(PROVIDED INFORMATION)

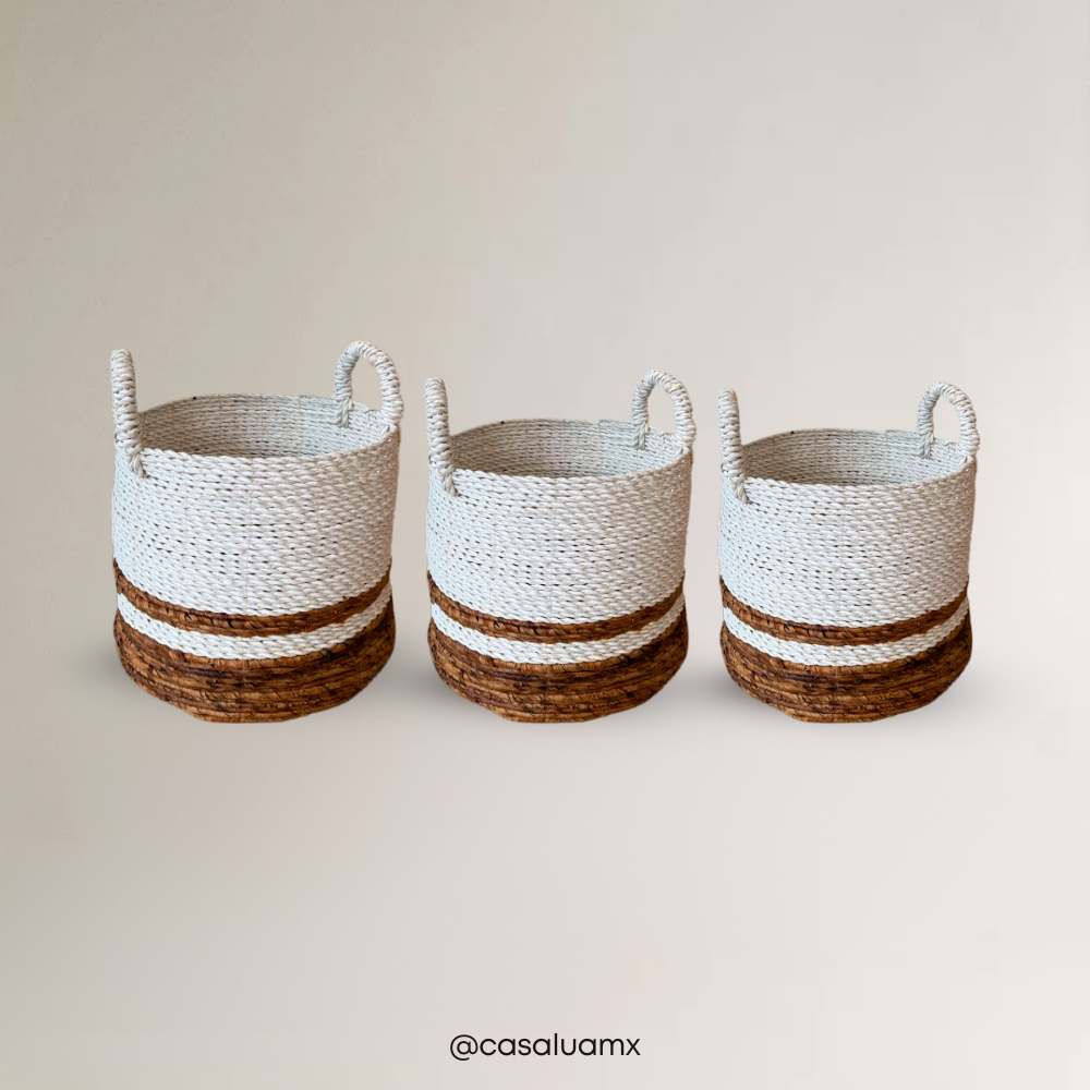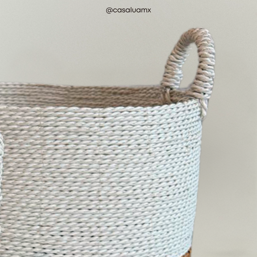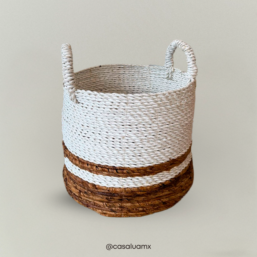 Un grueso tejido en hoja de plátano, ricas variaciones de color natural y asas envolventes en ángulo distinguen estas cestas artesanales. Disponibles en tres tamaños, cada pieza hecha a mano presenta características individuales.
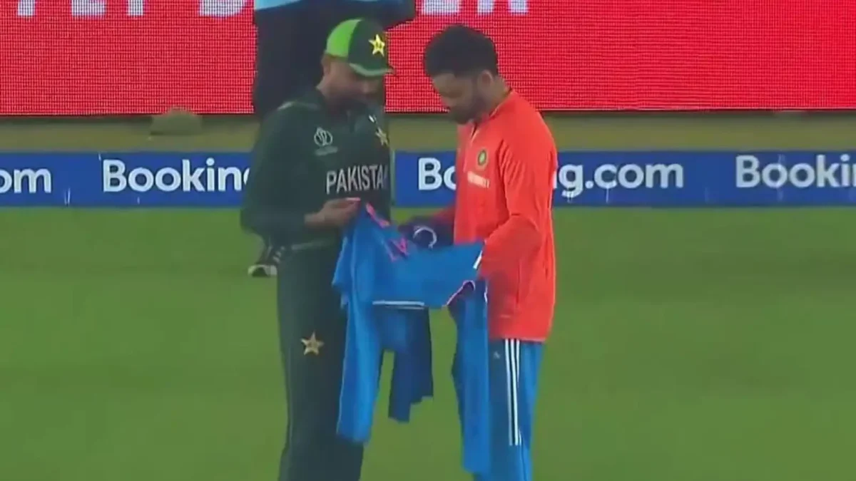 Virat Kohli gave one of his jerseys with his signature on it to Babar Azam after the end of a high-octane clash between India and Pakistan in the Narendra Modi Stadium in Ahmedabad.
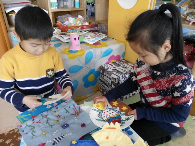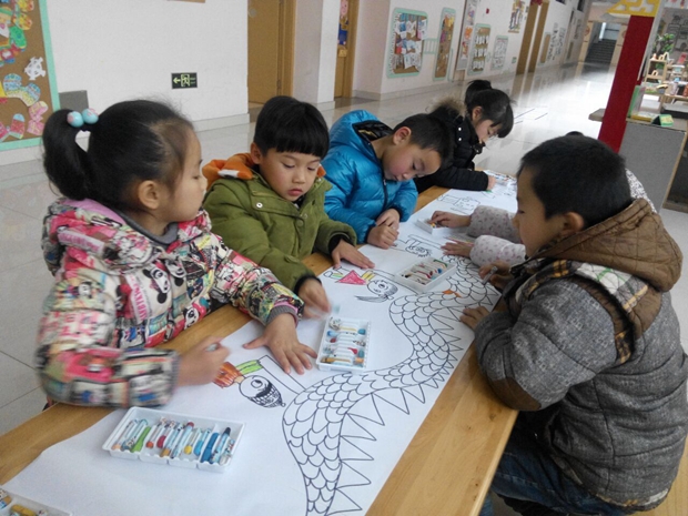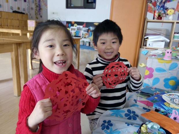 为突出中国年的“喜庆、吉祥的民族特色”,以春节红为主调,浓墨重彩渲染出红红火火的新年气象,全体师生根据预先的计划分别精心制作了红灯笼、红色窗花、红色花灯、剪纸、鞭炮福字看画等富有民族风格的新年物品,同时还组织广大家长在生活中搜集与新年相关的春联、中国结、吉祥挂件、红彩带、红灯笼等,大家将它们巧妙布置在活动室,幼儿园的公共区域里,使班级及幼儿园的每一个角落都蕴含着浓浓的年味。
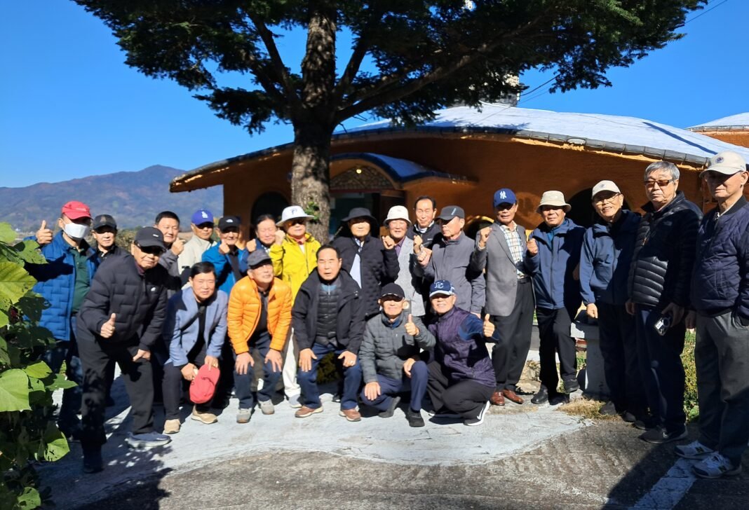 포스코 동우회 금호그라운드골프회(회장 이만용) 회원 22명이 15일 여순사건 광양 유적지 동부권 8개소를 답사했다. 참가자들이 어치 느재마을 앞에서 기념촬영하고 있다. 사진=이경희
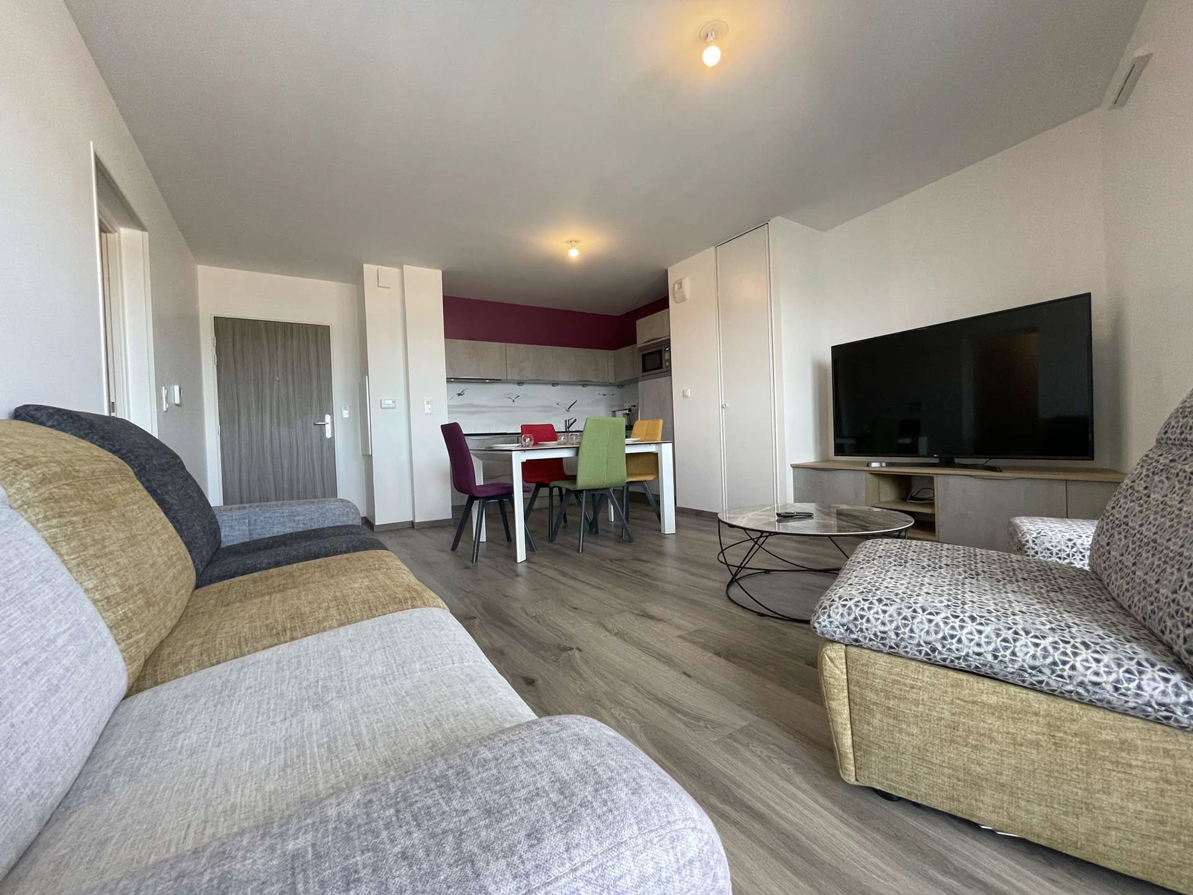 Ce beau logement équipé avec goût et fonctionnalité, tout le confort sera à votre porté de mains. Il se compose d'une entrée, d'un séjour avec cuisine intégralement équipée et aménagée (lave-vaisselle). Dans le séjour, un coin salle à manger et salon pour vous détendre et profiter de votre séjour. Egalement, deux chambres, disposant chacune d’un lit pour deux personnes en 140cm, d’une table de chevet avec lampe et d’un grand placard de rangements. Dans le couloir se trouve également une salle d’eau avec douche, vasque et miroir, ainsi qu’un WC séparé. Une terrasse de 20 m² orienté Est de quoi profiter du soleil dès le réveil.
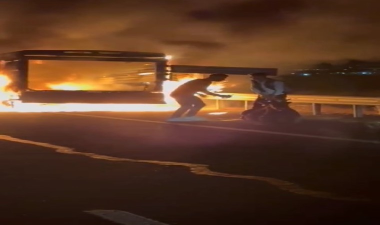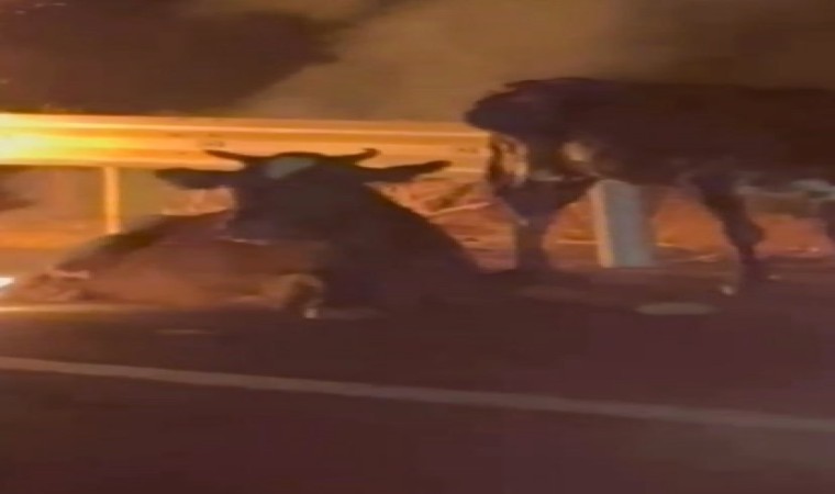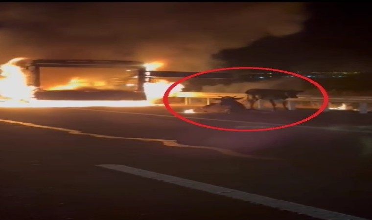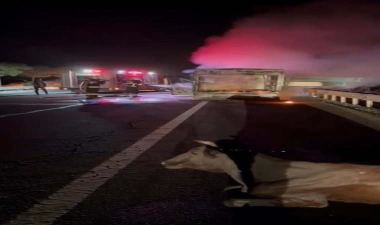 Diyarbakır’ın Çınar ilçesinde seyir halindeyken alevlere teslim olan kamyonet yanarken, kamyonetin arkasında ise inekler istifini bozmadan oturdu. O anlar vatandaşın cep telefonu kamerasına yansıdı.

(End PROVIDED INFORMATION)

# EXERCISE DETAILS
Give every line above again exactly, omitting whatever pictures appear.

# FINISHED EXERCISE
 Un grueso tejido en hoja de plátano, ricas variaciones de color natural y asas envolventes en ángulo distinguen estas cestas artesanales. Disponibles en tres tamaños, cada pieza hecha a mano presenta características individuales.
 Virat Kohli gave one of his jerseys with his signature on it to Babar Azam after the end of a high-octane clash between India and Pakistan in the Narendra Modi Stadium in Ahmedabad.
 为突出中国年的“喜庆、吉祥的民族特色”,以春节红为主调,浓墨重彩渲染出红红火火的新年气象,全体师生根据预先的计划分别精心制作了红灯笼、红色窗花、红色花灯、剪纸、鞭炮福字看画等富有民族风格的新年物品,同时还组织广大家长在生活中搜集与新年相关的春联、中国结、吉祥挂件、红彩带、红灯笼等,大家将它们巧妙布置在活动室,幼儿园的公共区域里,使班级及幼儿园的每一个角落都蕴含着浓浓的年味。
 포스코 동우회 금호그라운드골프회(회장 이만용) 회원 22명이 15일 여순사건 광양 유적지 동부권 8개소를 답사했다. 참가자들이 어치 느재마을 앞에서 기념촬영하고 있다. 사진=이경희
 Ce beau logement équipé avec goût et fonctionnalité, tout le confort sera à votre porté de mains. Il se compose d'une entrée, d'un séjour avec cuisine intégralement équipée et aménagée (lave-vaisselle). Dans le séjour, un coin salle à manger et salon pour vous détendre et profiter de votre séjour. Egalement, deux chambres, disposant chacune d’un lit pour deux personnes en 140cm, d’une table de chevet avec lampe et d’un grand placard de rangements. Dans le couloir se trouve également une salle d’eau avec douche, vasque et miroir, ainsi qu’un WC séparé. Une terrasse de 20 m² orienté Est de quoi profiter du soleil dès le réveil.
 Diyarbakır’ın Çınar ilçesinde seyir halindeyken alevlere teslim olan kamyonet yanarken, kamyonetin arkasında ise inekler istifini bozmadan oturdu. O anlar vatandaşın cep telefonu kamerasına yansıdı.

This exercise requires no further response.